==== The input ====
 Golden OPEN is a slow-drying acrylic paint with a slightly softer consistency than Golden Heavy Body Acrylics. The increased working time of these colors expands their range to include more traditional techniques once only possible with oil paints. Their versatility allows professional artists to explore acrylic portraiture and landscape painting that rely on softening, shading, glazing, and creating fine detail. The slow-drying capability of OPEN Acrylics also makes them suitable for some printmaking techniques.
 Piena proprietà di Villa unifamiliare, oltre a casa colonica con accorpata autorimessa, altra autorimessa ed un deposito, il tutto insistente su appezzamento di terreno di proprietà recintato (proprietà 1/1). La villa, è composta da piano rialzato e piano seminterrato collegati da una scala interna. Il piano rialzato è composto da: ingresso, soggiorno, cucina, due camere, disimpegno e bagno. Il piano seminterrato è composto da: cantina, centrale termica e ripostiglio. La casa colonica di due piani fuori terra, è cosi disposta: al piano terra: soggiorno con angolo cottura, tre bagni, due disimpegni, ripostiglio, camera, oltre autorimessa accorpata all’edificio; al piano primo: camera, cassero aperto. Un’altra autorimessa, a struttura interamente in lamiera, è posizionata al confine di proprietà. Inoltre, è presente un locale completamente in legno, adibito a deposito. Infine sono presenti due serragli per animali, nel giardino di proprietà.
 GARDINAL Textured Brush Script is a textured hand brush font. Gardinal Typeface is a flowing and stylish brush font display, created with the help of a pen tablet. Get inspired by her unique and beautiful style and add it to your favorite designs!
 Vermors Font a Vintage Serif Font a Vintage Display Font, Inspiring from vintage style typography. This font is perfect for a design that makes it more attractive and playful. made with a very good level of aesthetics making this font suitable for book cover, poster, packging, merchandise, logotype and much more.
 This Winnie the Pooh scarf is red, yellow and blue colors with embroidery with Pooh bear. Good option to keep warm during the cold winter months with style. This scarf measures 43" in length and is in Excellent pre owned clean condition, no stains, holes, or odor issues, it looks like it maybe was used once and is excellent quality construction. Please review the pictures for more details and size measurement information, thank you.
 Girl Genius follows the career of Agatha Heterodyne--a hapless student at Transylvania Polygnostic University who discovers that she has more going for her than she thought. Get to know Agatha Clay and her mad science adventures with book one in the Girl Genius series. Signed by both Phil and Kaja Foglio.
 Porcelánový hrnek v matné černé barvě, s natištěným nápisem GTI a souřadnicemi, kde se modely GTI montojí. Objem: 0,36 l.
====
## [Task requirements]
The entries above should be repeated exactly, every one of them.

## [Answer to the exercise]
 Golden OPEN is a slow-drying acrylic paint with a slightly softer consistency than Golden Heavy Body Acrylics. The increased working time of these colors expands their range to include more traditional techniques once only possible with oil paints. Their versatility allows professional artists to explore acrylic portraiture and landscape painting that rely on softening, shading, glazing, and creating fine detail. The slow-drying capability of OPEN Acrylics also makes them suitable for some printmaking techniques.
 Piena proprietà di Villa unifamiliare, oltre a casa colonica con accorpata autorimessa, altra autorimessa ed un deposito, il tutto insistente su appezzamento di terreno di proprietà recintato (proprietà 1/1). La villa, è composta da piano rialzato e piano seminterrato collegati da una scala interna. Il piano rialzato è composto da: ingresso, soggiorno, cucina, due camere, disimpegno e bagno. Il piano seminterrato è composto da: cantina, centrale termica e ripostiglio. La casa colonica di due piani fuori terra, è cosi disposta: al piano terra: soggiorno con angolo cottura, tre bagni, due disimpegni, ripostiglio, camera, oltre autorimessa accorpata all’edificio; al piano primo: camera, cassero aperto. Un’altra autorimessa, a struttura interamente in lamiera, è posizionata al confine di proprietà. Inoltre, è presente un locale completamente in legno, adibito a deposito. Infine sono presenti due serragli per animali, nel giardino di proprietà.
 GARDINAL Textured Brush Script is a textured hand brush font. Gardinal Typeface is a flowing and stylish brush font display, created with the help of a pen tablet. Get inspired by her unique and beautiful style and add it to your favorite designs!
 Vermors Font a Vintage Serif Font a Vintage Display Font, Inspiring from vintage style typography. This font is perfect for a design that makes it more attractive and playful. made with a very good level of aesthetics making this font suitable for book cover, poster, packging, merchandise, logotype and much more.
 This Winnie the Pooh scarf is red, yellow and blue colors with embroidery with Pooh bear. Good option to keep warm during the cold winter months with style. This scarf measures 43" in length and is in Excellent pre owned clean condition, no stains, holes, or odor issues, it looks like it maybe was used once and is excellent quality construction. Please review the pictures for more details and size measurement information, thank you.
 Girl Genius follows the career of Agatha Heterodyne--a hapless student at Transylvania Polygnostic University who discovers that she has more going for her than she thought. Get to know Agatha Clay and her mad science adventures with book one in the Girl Genius series. Signed by both Phil and Kaja Foglio.
 Porcelánový hrnek v matné černé barvě, s natištěným nápisem GTI a souřadnicemi, kde se modely GTI montojí. Objem: 0,36 l.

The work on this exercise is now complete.